Doleac hosts the Probable Causation podcast. In October 2022, Vox named her to their "Future Perfect 50," a list of "scientists, thinkers, scholars, writers, and activists building a more perfect future."

== Education ==
Doleac received her B.A. in economics and mathematics from Williams College in 2003. She completed her Ph.D. in economics from Stanford University in 2012.

== Research and policy career ==
Doleac was part of the faculty of the University of Virginia Batten School of Leadership and Public Policy from 2012 to 2018. She was a visiting fellow at the Brookings Institution in 2015-2016 and then a Nonresident Fellow in Economic Studies. She moved to Texas A&M Department of Economics as an associate professor in 2018. In 2021, Texas A&M named her one of 20 Presidential Impact Fellows at that university.

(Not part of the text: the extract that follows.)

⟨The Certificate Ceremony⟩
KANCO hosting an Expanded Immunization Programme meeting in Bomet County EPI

In 2016, Doleac and economist Benjamin Hansen undertook research into the impact of "ban-the-box" policies: policies that prohibit employers from asking applicants about criminal records on employment application forms. In their research, they examined hiring data for men aged 25 to 34, comparing those living in states that have instituted ban-the-box policies to those living in states that have not. They concluded that the ban-the-box policies had a negative impact on hiring for Black and Hispanic men without college degrees.

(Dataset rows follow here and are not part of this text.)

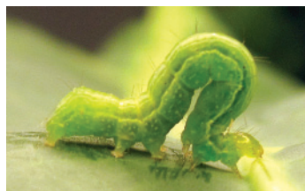
FIG. 5. The cabbage looper caterpillar is a pale green insect with a white stripe down each side of the body. The cabbage looper reaches 1 to 1 1/2 inches in length and has a distinctive pale green head capsule. It gets its name from its inchworm motion as it moves along the surface of the leaf.
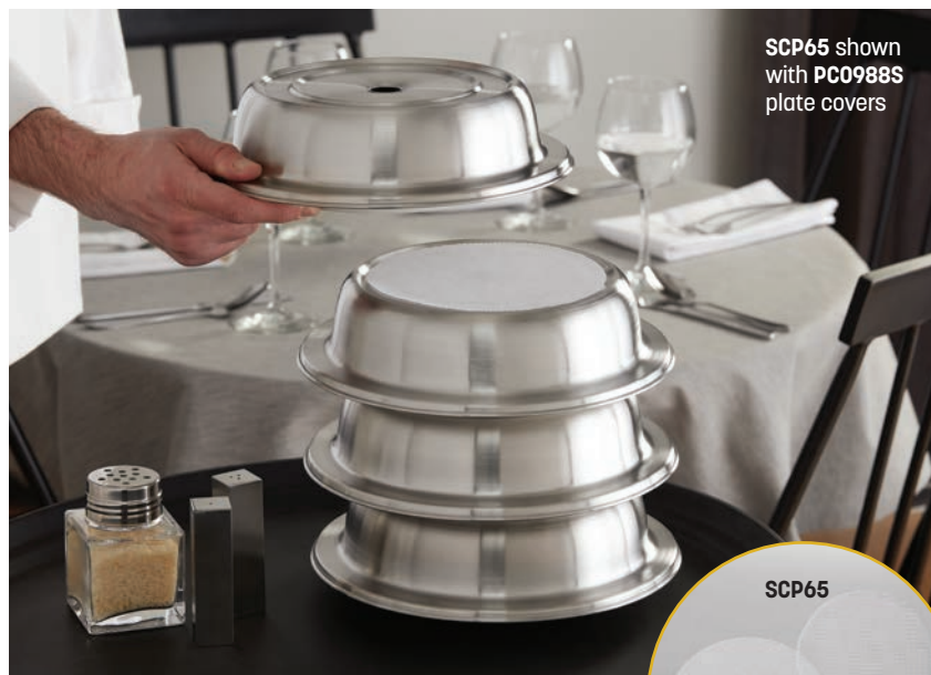
SCP65 shown with PC0988S plate covers
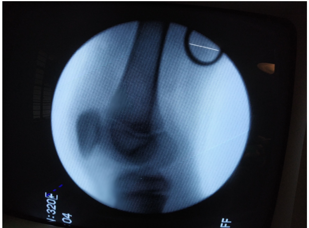
FIGURE 7: On-table immediate post-reduction of the patella visualized on the image intensifier: lateral view
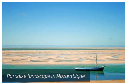
Paradise landscape in Mozambique
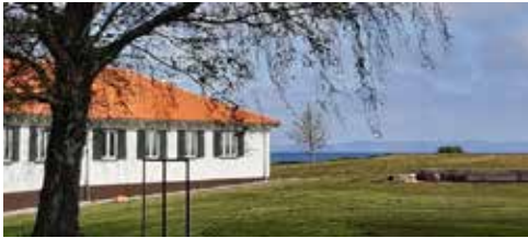
Munkerupgaard is located right by the water

The residential seminars take place at Munkerupgaard, Jørgenshvilevej 10, Munkerup, 3250 Gilleleje E-mail: hjoe@flsmidth.com Tel: +45 30 93 30 80, https://munkerupgaard.dk/

In 2023, Doleac was appointed executive vice president of criminal justice at Arnold Ventures.

Doleac's research focuses on the economics of crime and discrimination, with particular interests in prisoner reentry and on policies that affect public safety. Her work includes studies on:
- Employment and Criminal Records: The impact of policies banning employers from asking about job applicants' prior criminal records.
- Daylight Savings: The impact of daylight saving time on crime.
- Criminal Justice Enforcement: The impact of prosecuting non-violent misdemeanor offenses.
- DNA Databases and Crime: The impact increasing DNA databases has on reducing recidivism; DNA databases and reduced crime rates.
- Risk Assessment: The impact algorithmic risk assessments have on sentencing; the consequences of sex offender risk assessment at sentencing

== Controversies ==

=== Harm reduction ===
In 2018, Doleac, then a Brookings expert, released a Brookings blog post with Anita Mukherjee and Molly Schnell which cited work arguing that harm reduction programs face potential trade-offs. Doleac and her co-authors cited work arguing that syringe exchange programs and naloxone distribution could worsen addiction. However, the claims in two of the cited working papers were disputed by public health officials who argued that the cited studies' findings went against previous research on harm reduction. In addition, Doleac and her co-authors were criticized for releasing this information without going through the peer review process, though Brooking's blog posts are not typically peer reviewed.

In response to the criticism, Doleac released a statement through Brookings where she said the public health discipline was filled with researchers who "collectively have so little understanding of rigorous research methods". In another statement, Brookings said that it "does not take positions on issues, nor does [it] endorse Doleac's response to the criticism and feedback she received".

A week after publication, the blog post was amended adding additional studies on supervised-injection sites and naloxone trends. The amendment also contained new paragraphs highlighting that this was an area that required future study.